Strona główna

Paco López: "To jeszcze nie koniec"

Zibi | 10.11.2009; 18:57

Rywale nie boją się konfrontacji na Estadio Mestalla

Trener CD Alcoyano nie traci wiary. Przed dzisiejszym spotkaniem z Valencią CF Paco López zachowuje pogodny nastrój i chciałby, żeby jego podopieczni pozytywnie zaskoczyli, choć zdaje sobie sprawę, że będzie to mecz niezwykłej próby dla trzecioligowych zawodników.

„To będzie bardzo trudny oraz skomplikowany pojedynek, ale nic nie jest niemożliwe, mamy pewne szanse, chociaż nie są one oczywiście zbyt duże. Posiadamy ducha walki, jak zwykle przed takimi spotkaniami, a na Mestalla będziemy grali jakby w nagrodę z chęcią odniesienia najkorzystniejszego rezultatu” – mówi.

„Nie mamy nic do stracenia. Takie partie można jedynie zwyciężać, buduje się na nich drużynę i mam nadzieję, że to nie koniec. Pozostawimy jeszcze więcej zdrowia, by osiągnąć tutaj dobry wynik. Musimy wyjść na boisko z przekonaniem i zagrać bardzo odważnie” – twierdzi.

Odnośnie strategii na mecz z VCF powiedział: „Zagramy podobnie jak w lidze, ale gdy stajesz naprzeciwko takiej ekipy jak Valencia, zawsze bardziej ubezpiecza się tyły. Jesteśmy jednak ambitni i nie złożymy od razu broni”.

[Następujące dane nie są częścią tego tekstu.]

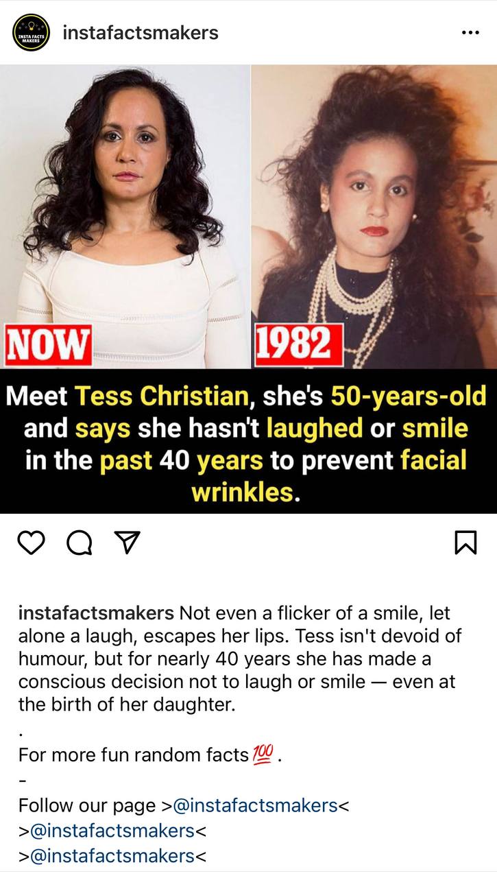 Da 40 anni Tess non accenna un sorriso né con amici, né in privato, perché vuole mantenere la sua pelle liscia e senza arricciature dovute alle espressioni facciali che assumiamo quando ridiamo o al contrario mettiamo il broncio.
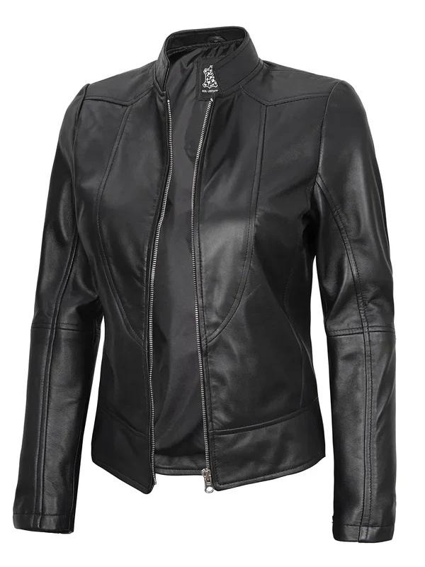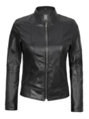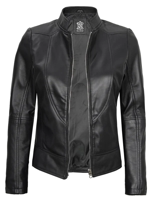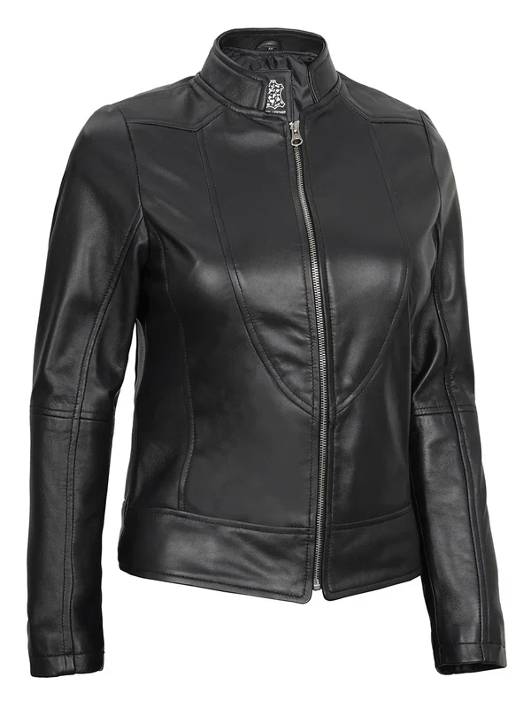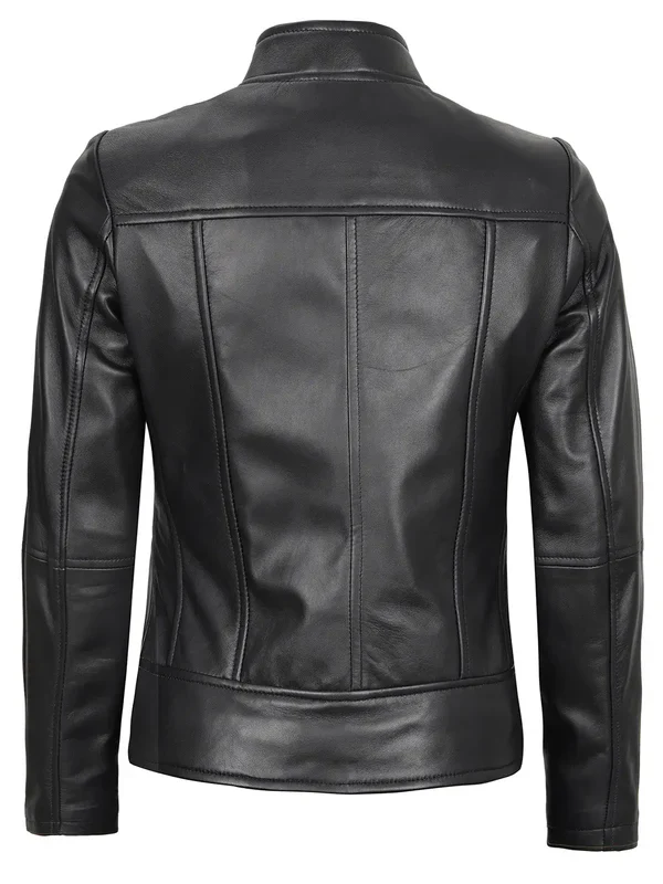 Sleek, structured, and versatile the Amy Women’s Black Cafe Racer Leather Jacket is your go-to for modern edge. Crafted from 100% real lambskin leather with a soft polyester lining, it features a clean mandarin collar and zip closure for a refined silhouette. Making it perfect for everyday confidence.

Mieszkańcy Alcoyano są podekscytowani konfrontacją z Blanquinegros, dlatego wiele autokarów zostało wynajętych przez klub kibica drużyny przeciwników na najbliższy pojedynek. Udzielają oni wsparcia piłkarzom i opiekunowi Alcoy mimo, że ich drużyna jest już prawie za burtą rozgrywek o Puchar Króla.